Usianya masih terbilang muda, 28 tahun namun pengalamannya dalam industri pengolahan daun kelor patut diperhitungkan. Meybi Agnesya Lomanledo, CEO dan Founder Timor Moringa, sebuah kewirausahaan sosial berbasis industri pengolahan pangan lokal yaitu daun kelor organik dari NTT dengan memberdayakan hampir 100% petani kelor lokal.
Sesuai dengan namanya Timor Moringa, Timor karena usaha ini memberdayakan petani kelor lokal di 3 kabupaten di Pulau Timor NTT dan Moringa Oleifera sendiri adalah nama latin dari kelor.
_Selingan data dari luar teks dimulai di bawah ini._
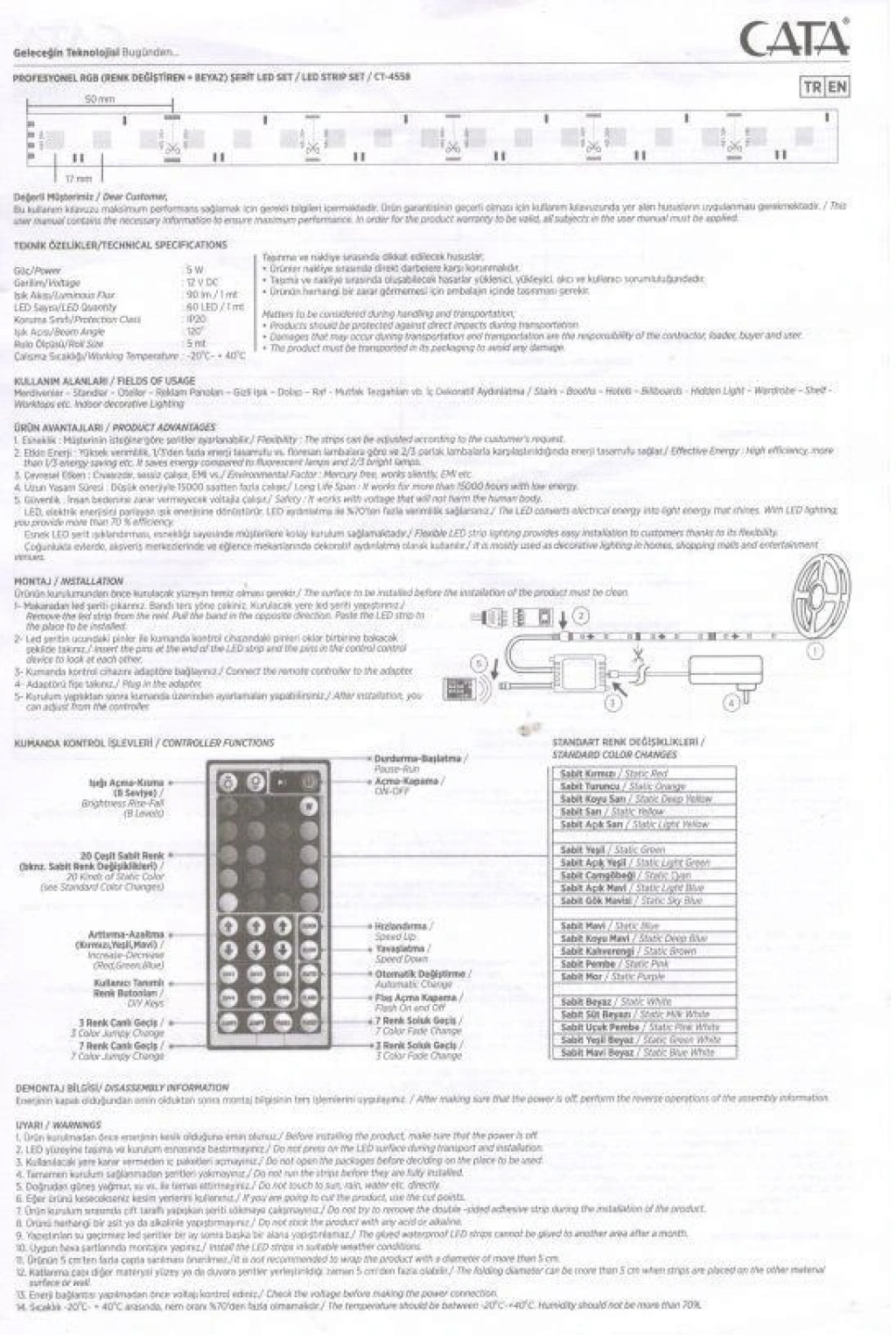 CATA RGB Şerit Led Seti, enerji verimliliği sağlayan 220V giriş adaptörü 12V gücüyle uzun ömürlüdür ve şık tasarımıyla yaşam alanlarınıza modern bir dokunuş katar. Farklı renk seçenekleri ile istediğiniz ortamı yaratabilir ve dekorasyonunuzu kişiselleştirebilirsiniz. Ev, ofis, cafe gibi birçok mekanda kullanabileceğiniz bu ürün, mekanınıza sıcak ve davetkar bir atmosfer kazandırmak için ideal bir seçenektir.

Berawal dari kebiasaan keluarga mengkonsumsi sayur daun kelor, bahkan menu ini hampir tak pernah absen dari meja makan. Hingga suatu hari Maybe yang akrab disapa Mey ini jengkel “Memang kita sudah tidak punya duit yah sampai harus makan Marungga tiap hari?” orang Kupang menyebut kelor dengan Marungga.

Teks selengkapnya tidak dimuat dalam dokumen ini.